À l’approche des prochaines échéances électorales, le gouvernement engage une série de réformes institutionnelles portant notamment sur la Constitution et la loi électorale. Un processus encadré par des délais juridiques stricts, qui impose l’adoption rapide de plusieurs textes avant la tenue des législatives.
À quatre mois d’une échéance électorale majeure, le gouvernement fait face à un calendrier aussi serré que stratégique. En toile de fond : une révision constitutionnelle ciblée, une nouvelle loi électorale et l’hypothèse d’une organisation simultanée des scrutins législatifs et locaux. Le tout dans des délais incompressibles ne dépassant pas 45 jours, alors que les prochaines législatives sont prévues en juin.
La pression est d’abord d’ordre légal. Les dernières législatives s’étant tenues le 21 juin 2021, le chef de l’État doit convoquer le corps électoral dans les 90 jours précédant l’expiration du mandat parlementaire. Conformément au calendrier électoral, le scrutin doit intervenir dans le mois précédant la fin de la législature en cours.
En pratique, la convocation du corps électoral devra intervenir avant le 8 avril prochain, pour une tenue des élections au plus tard le 8 juillet. Si le vote doit se dérouler avant l’expiration officielle du mandat, le décret présidentiel devra être signé dès le début du mois d’avril. Un calendrier serré, tant pour l’Exécutif que pour les partis politiques.
Un chantier institutionnel dense
Parallèlement, les autorités doivent finaliser un vaste chantier institutionnel : adoption des amendements en Conseil des ministres, examen et vote au Parlement, passage devant le Conseil de la nation, contrôle de la Cour constitutionnelle, puis promulgation et publication au Journal officiel. Une séquence législative lourde, difficilement compressible.
Le compte à rebours est donc enclenché pour mettre en œuvre un ensemble d’amendements jugés essentiels pour l’avenir du processus politique. Parmi eux, la révision des prérogatives de l’Autorité nationale indépendante des élections (Anie) et l’élaboration d’un nouveau projet de loi électorale, avant la tenue des scrutins locaux et législatifs.

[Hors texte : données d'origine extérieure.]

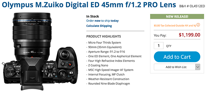 45mm at Amazon, BHphoto, Adorama and GetOlympus.
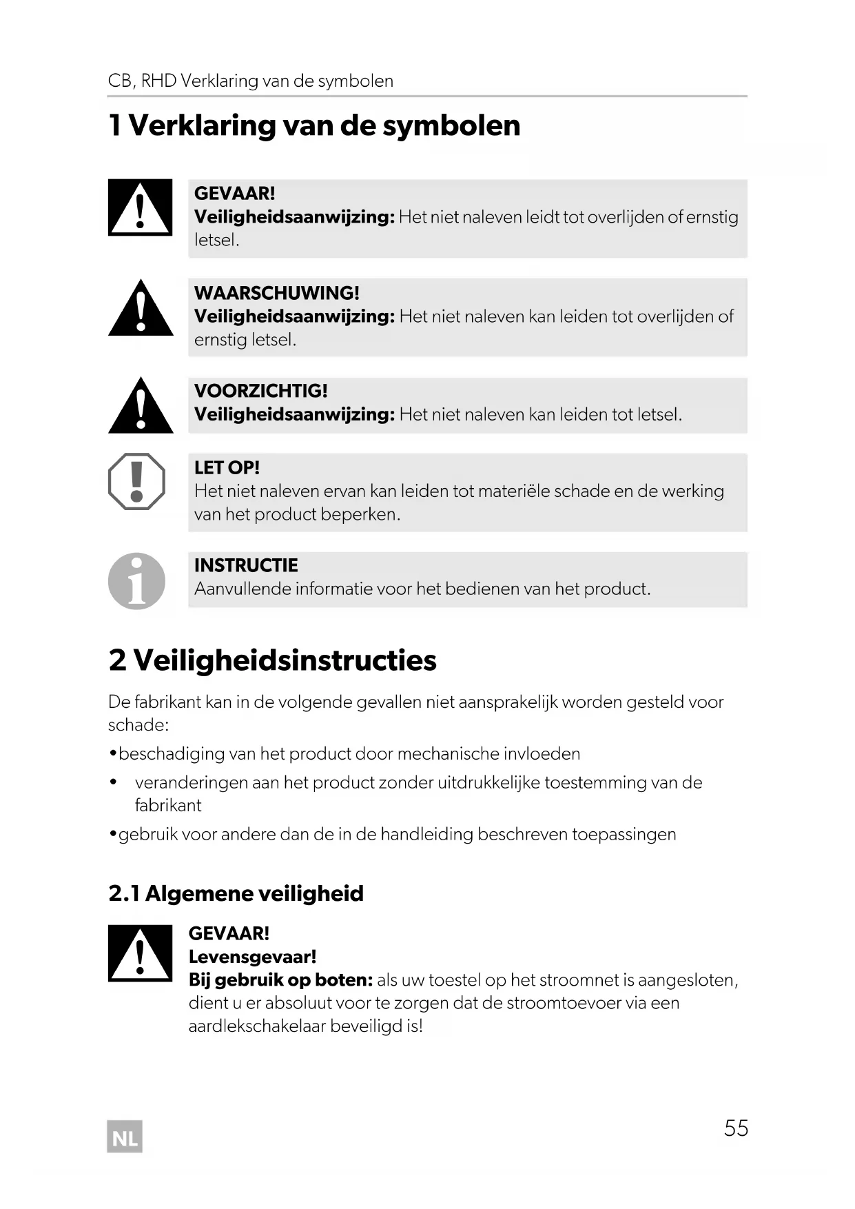 GEVAAR! Levensgevaar! Bij gebruik op boten: als uw toestel op het stroomnet is aangesloten, dient u er absoluut voor te zorgen dat de stroomtoevoer via een aardlekschakelaar beveiligd is! GEVAAR! Veiligheidsaanwijzing: Het niet naleven leidt tot overlijden of ernstig letsel. WAARSCHUWING! Veiligheidsaanwijzing: Het niet naleven kan leiden tot overlijden of ernstig letsel. VOORZICHTIG! Veiligheidsaanwijzing: Het niet naleven kan leiden tot letsel. LET OP! Het niet naleven ervan kan leiden tot materiële schade en de werking van het product beperken. INSTRUCTIE Aanvullende informatie voor het bedienen van het product. RHD-CB--O-West.book Seite 55 Mittwoch, 14. Juni 2017 3:39 15NL Veiligheidsinstructies CB, RHD
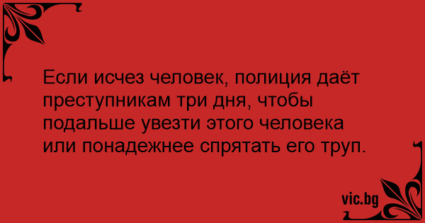 Если исчез человек, полиция даёт преступникам три дня, чтобы подальше увезти этого человека или понадежнее спрятать его труп.
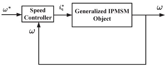A cascade framework is usually used for motor control in industrial applications. In this framework, the speed loop control and current loop control can be designed separately. For the sake of convenience, here, we treat the current closed-loop control of the IPMSM as a whole, based on the cited reference, while designing the speed loop controller independently. Figure 1 shows this framework, where the generalized IPMSM object represents an integrated system encompassing the current loop controller, the IPMSM, and the power electronics units, and the speed is regulated by a speed controller designed in this study. In Figure 1, represents the reference speed, and represents the reference q-axis current.
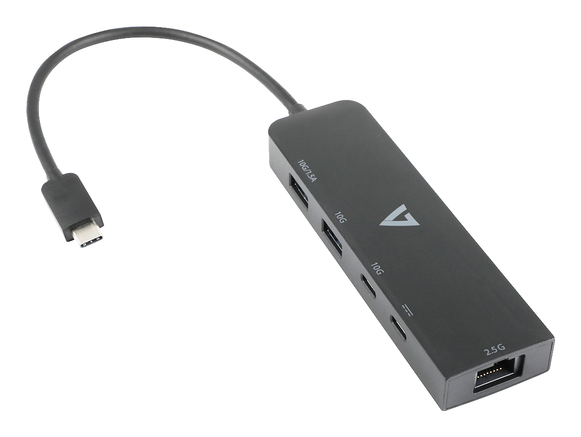 More connectivity options with this USB-C Multi-port Adapter. Connect a computer or mobile device to mulitple USB devices and the Ethernet at the same time from one USB-C connection. Features three USB 3.0 ports and a 2.5 Gigabit Ethernet port with a data transfer speed of up to 5Gbps. Compatible with Windows, Mac OS, Chrome or other USB-C enabled devices. Plug and play connectivity. Built for long term use and high performance using quality materials with ISO certified process and backed by our V7 warranty.

Chaque étape impose son propre tempo : approbation en Conseil des ministres, transmission au Parlement, mise en place d’une commission parlementaire chargée du rapport, puis convocation éventuelle d’une session extraordinaire pour débat et adoption. Dans un calendrier aussi contraint, le risque est réel de voir le temps manquer pour un examen approfondi en commission comme en plénière.
Redéfinir les équilibres institutionnels
Au cœur des réformes, figure la révision de l’article 202 de la Constitution, relatif aux prérogatives de l’Anie. Les modifications envisagées visent à redistribuer certaines compétences entre l’Autorité et le ministère de l’Intérieur : à ce dernier la logistique matérielle, à l’Anie, un rôle renforcé de supervision et de contrôle des scrutins présidentiels, législatifs et locaux.
Technique en apparence, l’ajustement demeure politiquement sensible. La transparence du processus électoral reste, en effet, un point central du débat public.
Le texte devra être examiné par le Conseil de la nation, puis soumis au contrôle de la Cour constitutionnelle avant promulgation par le président de la République et publication au Journal officiel.
Quant à la nouvelle loi électorale, actuellement en discussion à l’Assemblée populaire nationale, son adoption reste conditionnée à l’aval des modifications constitutionnelles et à leur validation par la Cour constitutionnelle. Une articulation procédurale qui accentue encore la pression sur l’Exécutif.
Elections couplées
Autre scénario à l’étude : l’organisation simultanée — ou à intervalle très rapproché — des élections législatives et locales. Une option susceptible de rationaliser les coûts et d’insuffler une dynamique politique unifiée. Mais elle alourdirait considérablement la logistique électorale et la préparation des formations politiques.
En coulisses, des consultations seraient en cours entre la présidence et plusieurs partis afin d’accélérer l’examen des textes et de clarifier le calendrier.
Au-delà des procédures, l’enjeu est double : préserver la stabilité institutionnelle tout en apportant des garanties de transparence. Or, la compression des délais pourrait nourrir des critiques sur la précipitation des réformes et limiter l’ampleur du débat parlementaire et public.
Cette séquence constitue ainsi une véritable épreuve de crédibilité pour l’Exécutif : réformer sans fragiliser, accélérer sans précipiter, mobiliser sans polariser — un équilibre délicat.
Dans un contexte politique, économique et social exigeant, la capacité des institutions à respecter les délais tout en consolidant la confiance démocratique pèsera lourdement sur la dynamique des mois à venir en Algérie, car au-delà des textes et des procédures, le véritable test reste le taux de participation. Restaurer la confiance des électeurs demeure le défi central.